* **SOURCE RECORDS**

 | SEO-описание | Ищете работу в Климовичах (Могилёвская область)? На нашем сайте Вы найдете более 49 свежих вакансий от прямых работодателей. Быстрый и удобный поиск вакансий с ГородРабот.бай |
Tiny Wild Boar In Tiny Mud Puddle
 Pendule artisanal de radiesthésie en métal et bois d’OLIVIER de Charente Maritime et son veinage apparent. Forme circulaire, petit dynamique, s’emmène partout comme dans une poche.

--

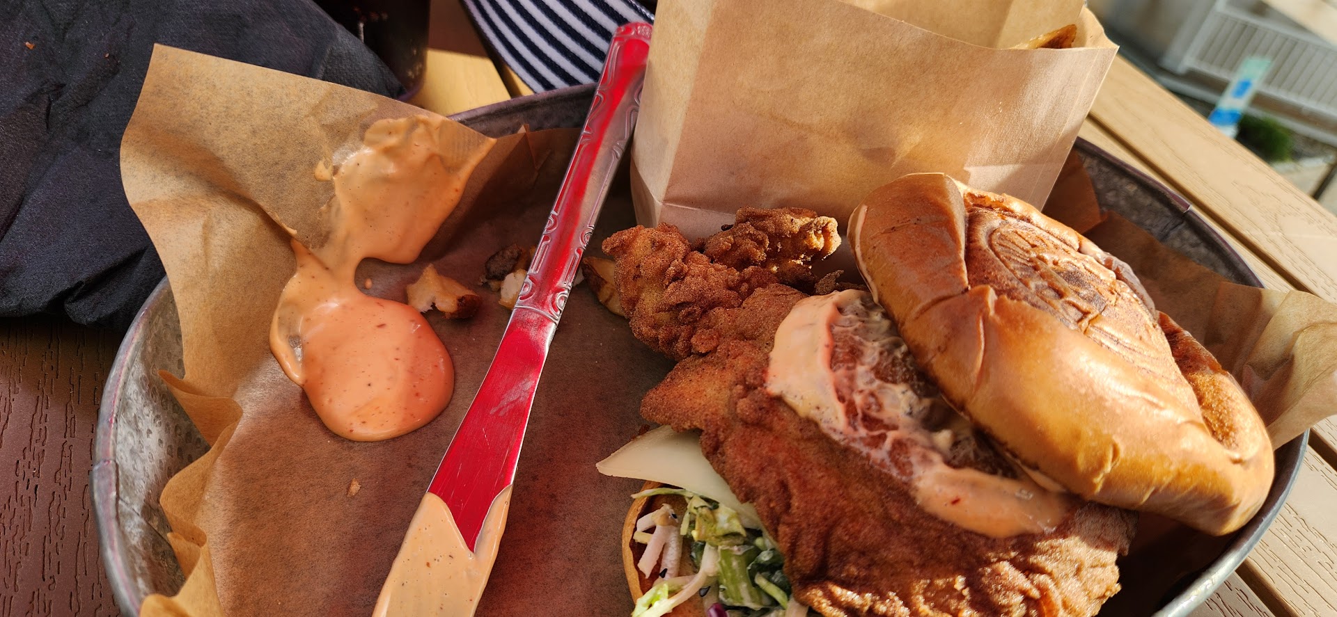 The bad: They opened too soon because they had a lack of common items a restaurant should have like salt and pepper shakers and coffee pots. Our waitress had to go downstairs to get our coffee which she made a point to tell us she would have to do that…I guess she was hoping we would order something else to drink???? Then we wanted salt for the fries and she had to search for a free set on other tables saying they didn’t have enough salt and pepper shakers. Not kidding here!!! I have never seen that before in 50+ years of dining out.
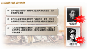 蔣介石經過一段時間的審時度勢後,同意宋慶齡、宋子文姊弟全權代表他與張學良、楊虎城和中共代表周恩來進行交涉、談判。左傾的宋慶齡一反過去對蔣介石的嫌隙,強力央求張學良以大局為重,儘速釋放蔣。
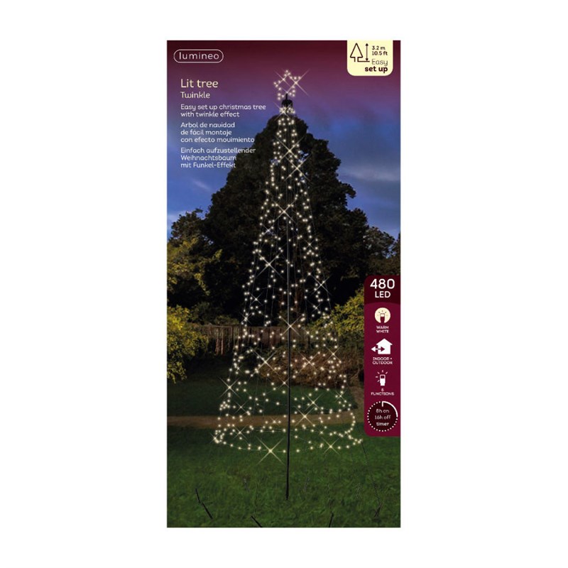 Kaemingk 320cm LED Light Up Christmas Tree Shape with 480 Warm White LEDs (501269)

* * *

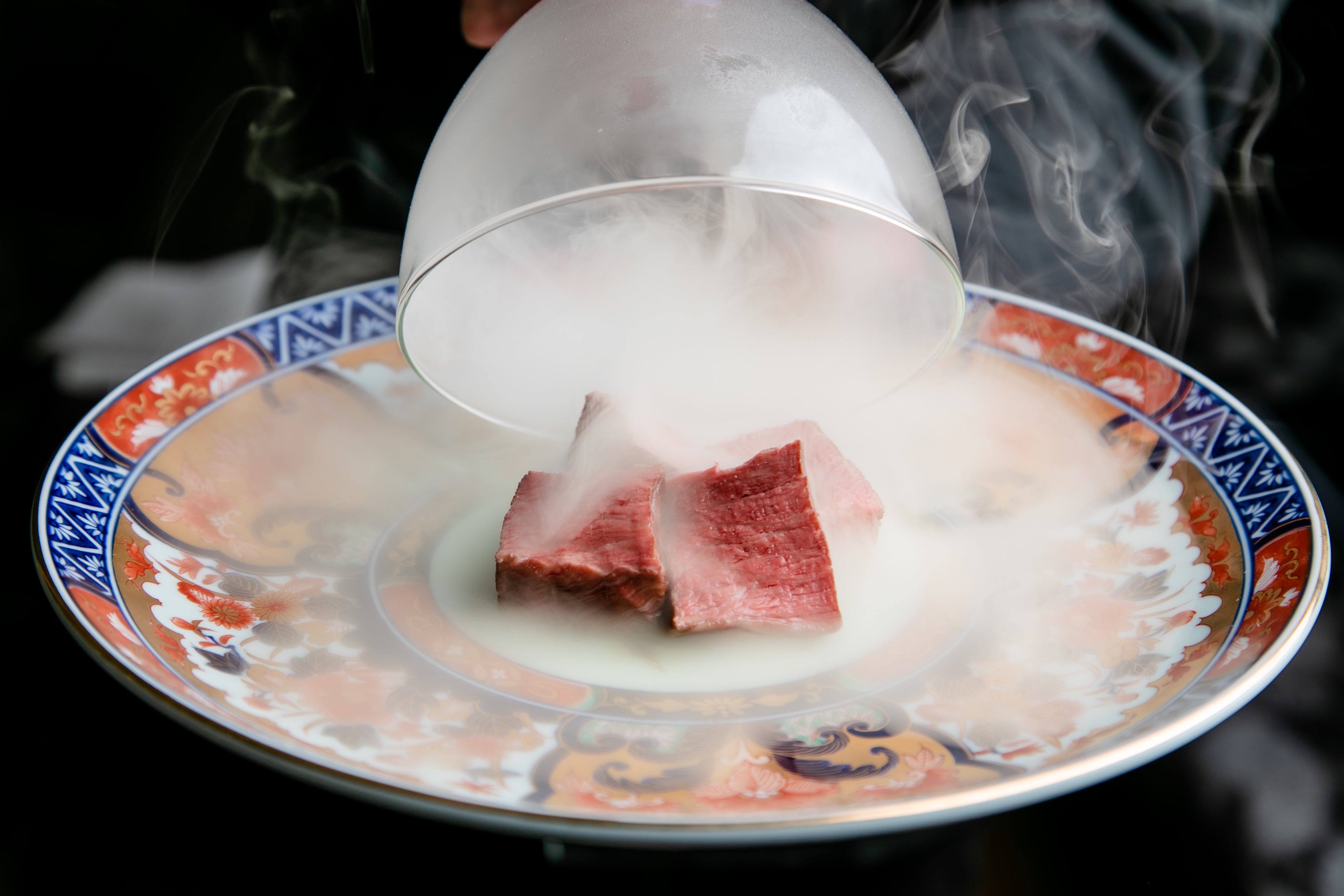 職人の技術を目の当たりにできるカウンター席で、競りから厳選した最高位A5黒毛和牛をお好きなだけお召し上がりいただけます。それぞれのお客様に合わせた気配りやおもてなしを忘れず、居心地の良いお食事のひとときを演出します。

* **WHAT THIS TASK INVOLVES**
Return, unchanged, the run of lines above that opens with the line containing "с ГородРабот.бай |" and closes with the line containing "Tiny Wild Boar In Tiny Mud Puddle". Include both.

* **YOUR SOLUTION**
 | SEO-описание | Ищете работу в Климовичах (Могилёвская область)? На нашем сайте Вы найдете более 49 свежих вакансий от прямых работодателей. Быстрый и удобный поиск вакансий с ГородРабот.бай |
Tiny Wild Boar In Tiny Mud Puddle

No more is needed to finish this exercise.